For the second time in two months, Gov. Rick Scott's administration has acknowledged it inadvertently released confidential personal data of private citizens, prompting the state to offer free credit monitoring services to protect people from being victims of identity theft. The Department of State said it released names, dates of birth and Social Security numbers of about 13,000 people who were on waiting lists for services for the developmentally disabled in 2003, when Jeb Bush was governor. The information was included in emails that the state released last year to Bush, who's exploring a run for president in 2016.
Governing

Kirby Delauter vaulted to viral superstardom in January when he briefly threatened to sue his local newspaper if it used his name. The Frederick County Council member has now talked himself into another flap, albeit lower-profile, this time for crude comments about a council colleague and County Executive Jan Gardner (D). Last week Delauter, a Republican. called into a radio show to denounce Gardner and Council President Bud Otis (R) for sponsoring a bill — to be introduced on Tuesday — that would bar his family-owned general contracting company from bidding on county jobs.

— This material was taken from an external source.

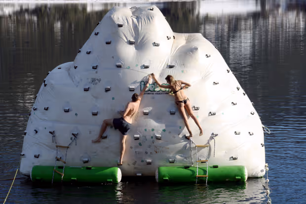 Nach einer Schockkühlung mit einem Kübel Eiswasser gilt es, aus drei Metern Höhe in den See zu springen, 25 Meter zu einem Eisberg zu schwimmen, diesen hochzuklettern, die Silvesterglocke zu läuten und ans Ufer zurückzuschwimmen.
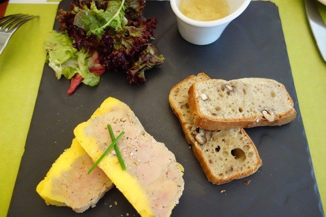 前菜にフォアグラのパテ。美味しいけれども、わざわざパリまで来て食べるものではなかったかもしれません。

It seems that in addition to forgetting sometimes about a newspaper’s First Amendment right to publish the names of public officials, Delauter can be sketchy on what civic teachers call the appearance of conflict of interest, or the importance of ethics and squeaky clean government.
Washington Post


Editorials/Columns

With increasing frequency, especially on college campuses, speakers presenting unpopular views—or views unpopular with a vocal minority of the audience—are being disrupted or “shouted down” until they leave the stage. This has happened at my own campus and many others. Such incidents are an embarrassment, an insult to higher education’s time-honored commitment to free and open debate, and they speak volumes about the decline of civility in society. But while they violate the spirit of the First Amendment’s free speech guarantee, if force isn’t involved it’s not clear that a constitutional violation has taken place.